Reputation: 111
I am trying to extract a substring from a text column using a regular expression, but in some cases, there are multiple instances of that substring in the string.
In those cases, I am finding that the query does not return the first occurrence of the substring. Does anyone know what I am doing wrong?
For example:
If I have this data:
create table data1
(full_text text, name text);
insert into data1 (full_text)
values ('I 56, donkey, moon, I 92')
I am using
UPDATE data1
SET name = substring(full_text from '%#"I ([0-9]{1,3})#"%' for '#')
and I want to get 'I 56'
not 'I 92'
Upvotes: 11
Views: 15121
Reputation: 447
Try the following expression. It will return the first occurrence:
SUBSTRING(full_text, 'I [0-9]{1,3}')
Upvotes: 2
Reputation: 4824
You can use regexp_match()
In PostgreSQL 10+
select regexp_match('I 56, donkey, moon, I 92', 'I [0-9]{1,3}');
Quote from documentation:
In most cases regexp_matches() should be used with the g flag, since if you only want the first match, it's easier and more efficient to use regexp_match(). However, regexp_match() only exists in PostgreSQL version 10 and up. When working in older versions, a common trick is to place a regexp_matches() call in a sub-select...
Upvotes: 0
Reputation:
You can use regexp_matches()
instead:
update data1
set full_text = (regexp_matches(full_text, 'I [0-9]{1,3}'))[1];
As no additional flag is passed, regexp_matches()

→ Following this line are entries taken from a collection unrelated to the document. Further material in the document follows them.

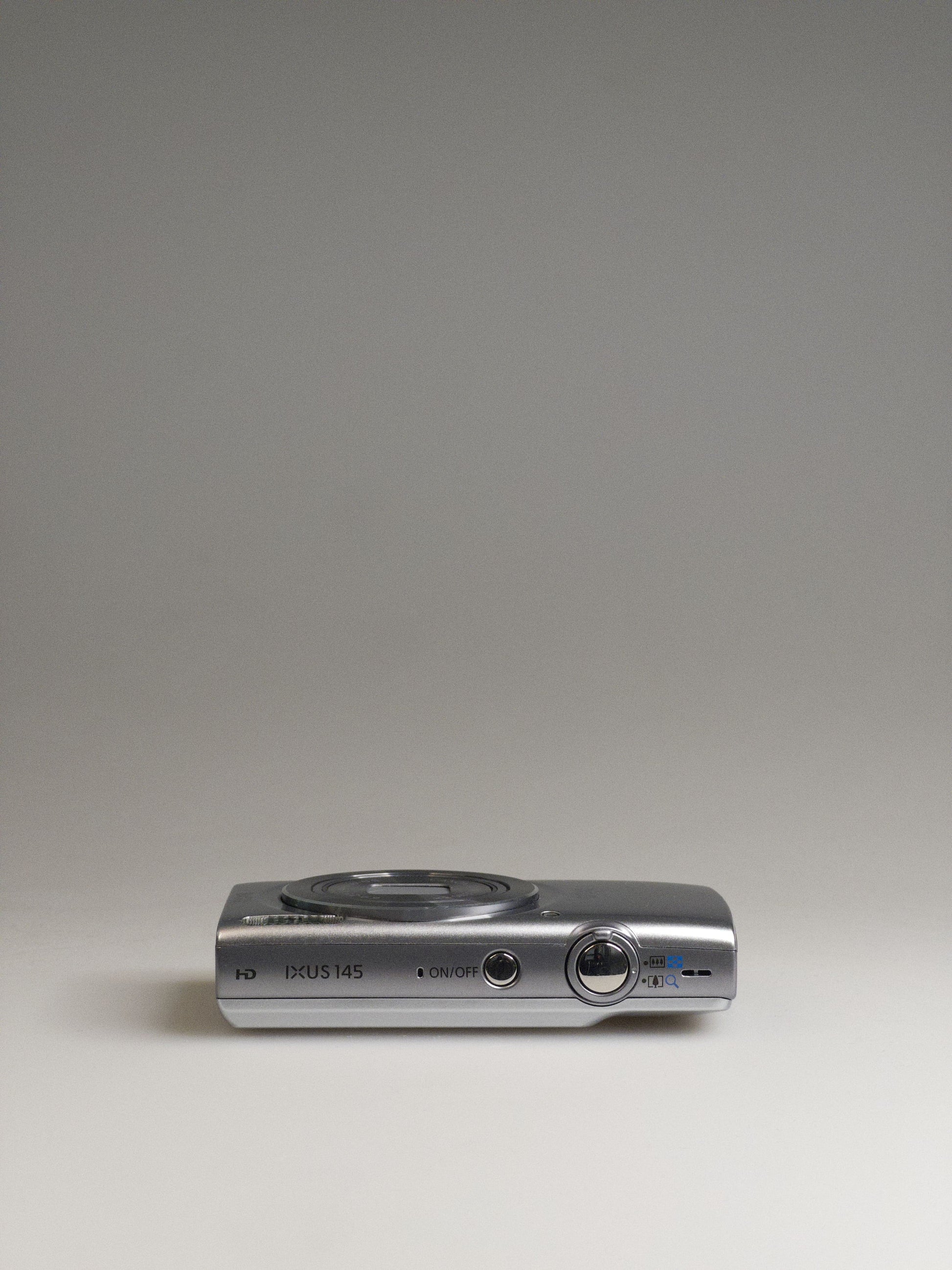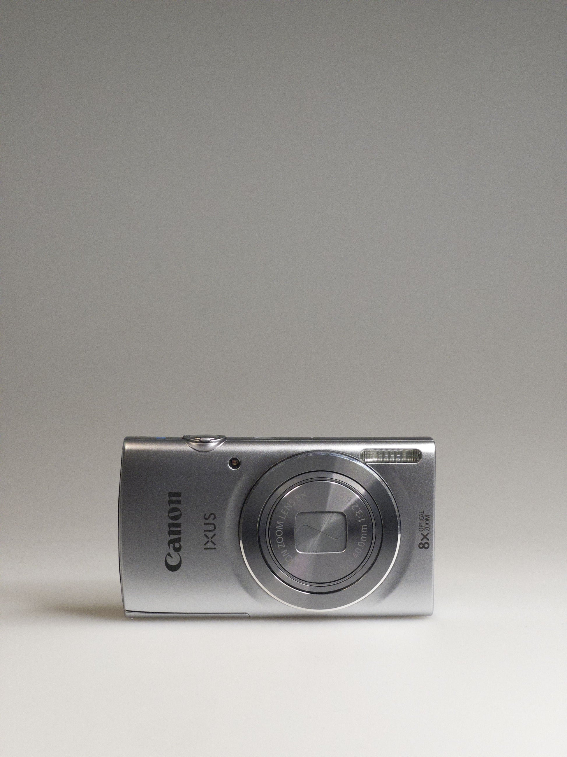 The Canon IXUS 145, also known as the PowerShot ELPH 135 or IXY 120 — a compact point-and-shoot from 2014 that keeps things simple, wrapped in a sleek silver finish that feels quietly timeless.
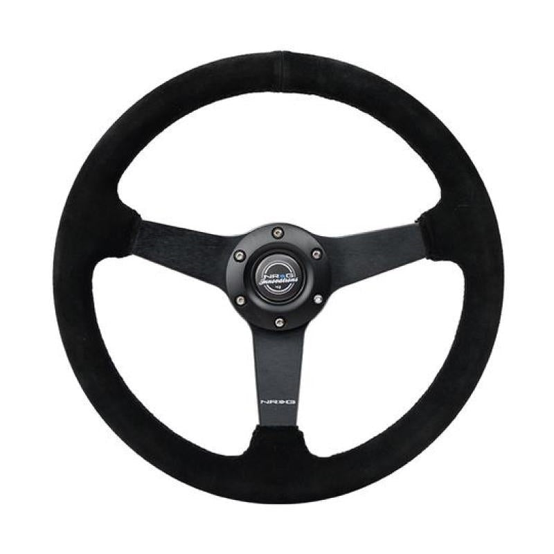 NRG Sport Steering Wheel (350mm / 1.5in Deep) Black Suede/Black Stitch w/Matte Black Solid Spokes
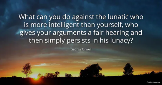 Orwell, George. (2026, January 15). What can you do against the lunatic who is more intelligent than yourself, who gives your arguments a fair hearing and then simply persists in his lunacy? FixQuotes. https://fixquotes.com/quotes/what-can-you-do-against-the-lunatic-who-is-more-36217/
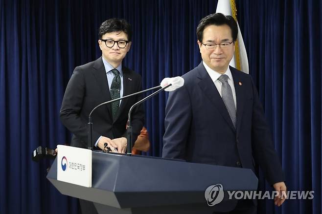 브리핑장 들어서는 한동훈, 정황근 장관
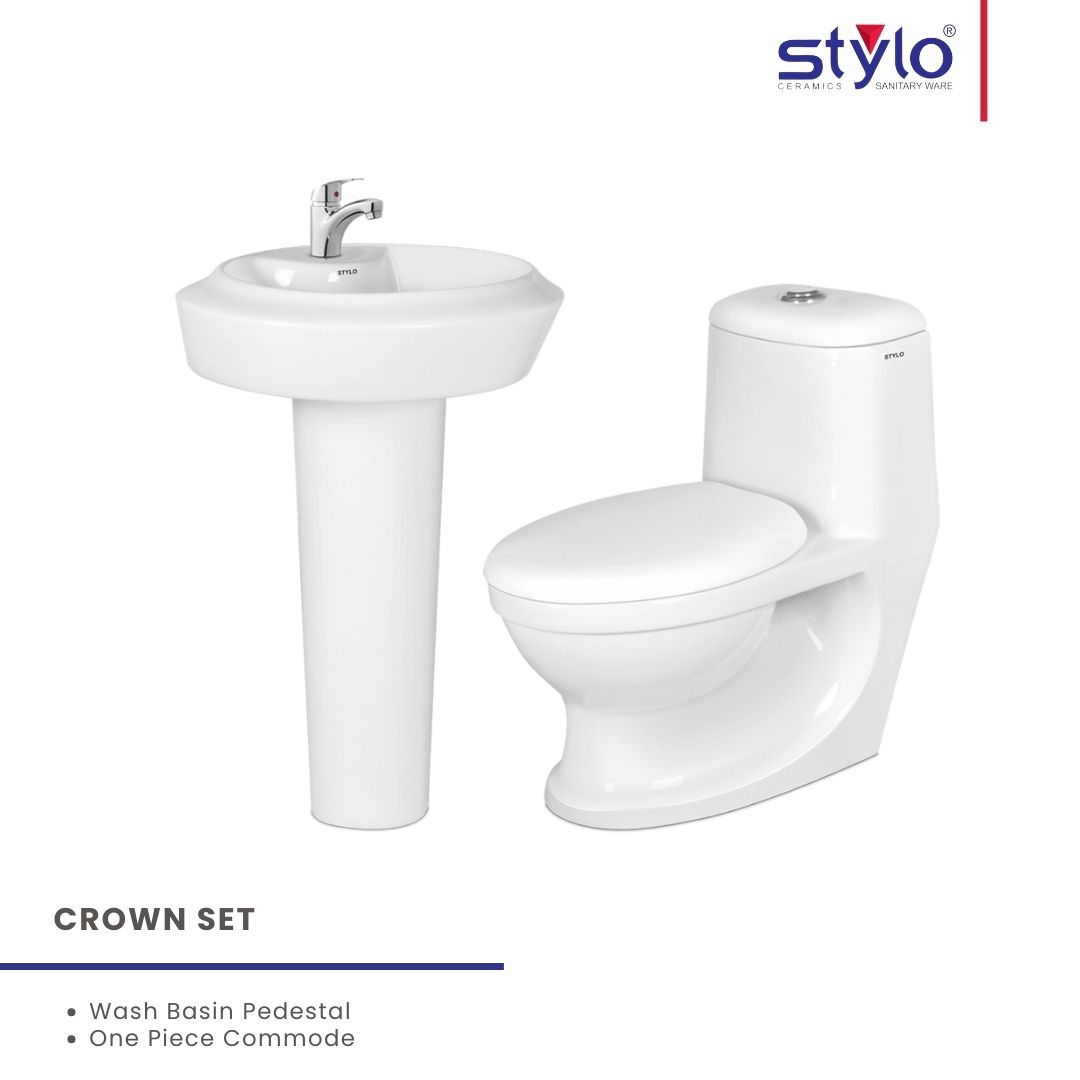 Complete Sanitary Set – Pedestal Basin & One-Piece Commode

only returns the first match - but it returns an array so you need to pick the first (and only) element from the result (that's the [1]
part)
It is probably a good idea to limit the update to only rows that would match the regex in the first place:
update data1
set full_text = (regexp_matches(full_text, 'I [0-9]{1,3}'))[1]
where full_text ~ 'I [0-9]{1,3}'
Upvotes: 15